Credit:

Charles Krauthammer is a syndicated columnist for The Washington Post.

President Barack Obama's budget chief, Jack Lew, recently took to his White House blog to repeat that the Social Security trust fund is solvent through 2037. The claim provides the intellectual justification for precisely the kind of debt denial and entitlement complacency that his boss is now engaged in.

Lew acknowledges that the Social Security surpluses of the last decades were siphoned off to the Treasury Department and spent. He also agrees that Treasury then deposited corresponding IOUs -- called "special issue" bonds -- in the Social Security trust fund. These have real value, claims Lew. After all, "these Treasury bonds are backed by the full faith and credit of the U.S. government in the same way that all other U.S. Treasury bonds are."

Really? If these trust fund bonds represent anything real, why is it that in calculating national indebtedness they are not even included?

We measure national solvency by debt-to-GDP ratio. As calculated by everyone from the OMB to the CIA, the debt-to-GDP ratio counts only publicly held debt. That means bonds held by China, Saudi Arabia, you and me. The debt ratio completely ignores the kind of intragovernmental bonds that Lew insists are equal to publicly held ones.

Why? Because the intragovernmental bond is nothing more than a bookkeeping device that records how much one part of the government (Treasury) owes another part (the Social Security Administration). In judging the creditworthiness of the United States, the world doesn't care what the left hand owes the right. It's all one entity. It cares only what that one entity owes the world.

If we default on Chinese-held debt, decades of AAA creditworthiness is destroyed, the world stops lending to us, the dollar collapses, the economy goes into a spiral, and we become Argentina. That's why such a default is inconceivable.

On the other hand, what would happen to financial markets if the Treasury stopped honoring the "special issue" bonds in the Social Security trust fund? A lot of angry grumbling at home for sure. But externally? Nothing.

This "default" would simply be the Treasury telling the Social Security Administration that henceforth it would have to fend for itself in covering its annual shortfall. How? By means-testing (i.e., cutting the benefits to the rich), changing the inflation formula, raising the retirement age and hiking the cap on income subject to the payroll tax.

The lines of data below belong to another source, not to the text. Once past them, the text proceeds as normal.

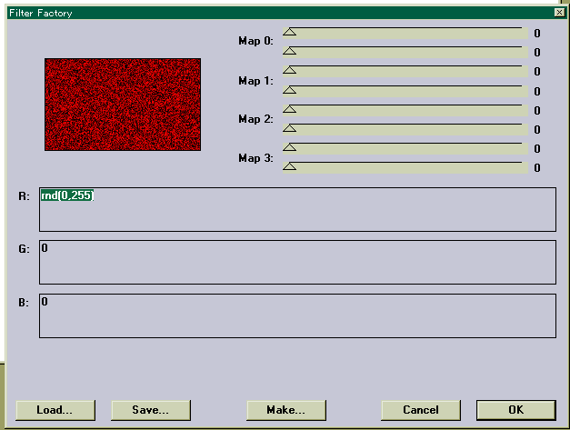 ![]()  |  たった、これだけである。 Redに乱数を与え、Green,Blueのチャンネルには0を与える。  |
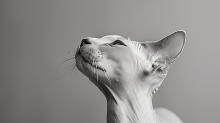 Portrait of a cute cat looking away. Don Sphynx breed cat. Generative AI
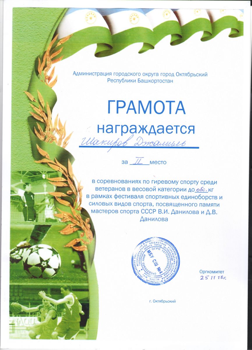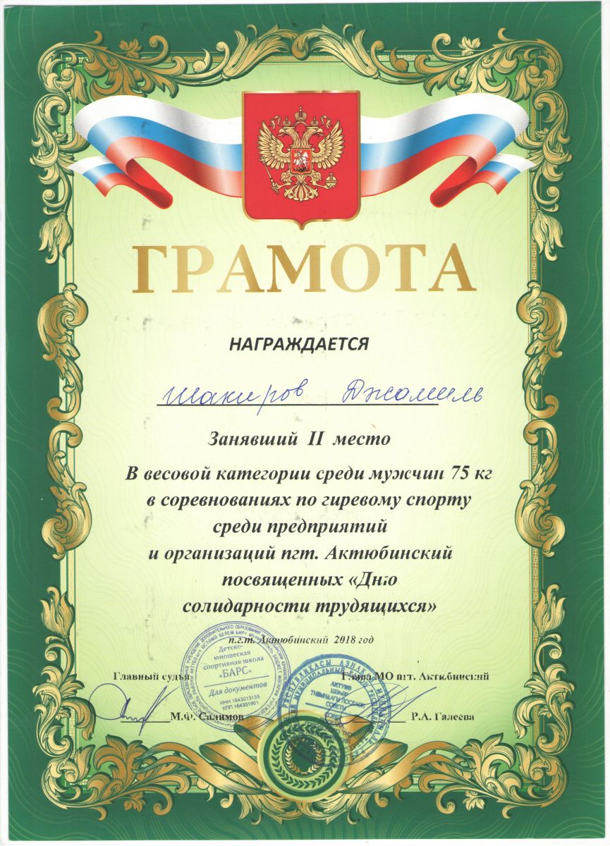 Грамота за 2 место в соревнованиях по гиревому спорту среди организаций, 2018г., Шакиров Ж.В.
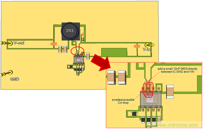 在上面的例子中,通到地線層的附加導(dǎo)通孔對(duì)縮減CIN回路的長(zhǎng)度沒(méi)有幫助。但在另一個(gè)例子中,由于頂層的路徑很長(zhǎng),通過(guò)導(dǎo)通孔來(lái)縮小回路面積就十分有效。

Plug in whatever combination of numbers you prefer for the definition of "rich," for the slope of the sliding scale of benefit reduction, for the rate of the retirement-age increase or any other variable. Whatever the formula, we will have been forced to adopt the very reforms needed to keep Social Security in balance for years to come -- the kind Obama's own deficit commission recommended.

Invoking the "full faith and credit" mantra for those IOUs in the trust fund is empty bluster. It doesn't change the fact that, as the Office of Management and Budget itself acknowledged, those IOUs "do not consist of real economic assets that can be drawn down in the future to fund benefits." Yet Lew continues to insist that these trinkets will pay off seniors for the next 26 years.

Nonsense. That money is gone. If Treasury had borrowed twice as much from Social Security in the past -- producing twice as many IOUs sitting in the lockbox -- would this mean the trust fund is today twice as strong? Of course not.

The trust fund "balances" are mere historical record-keeping. Future payouts will have to be met by future taxes and future borrowings -- or by Social Security reform that, by reducing benefits, makes such taxing and borrowing unnecessary.

There is no third alternative. There is no free lunch. And there is nothing in the lockbox.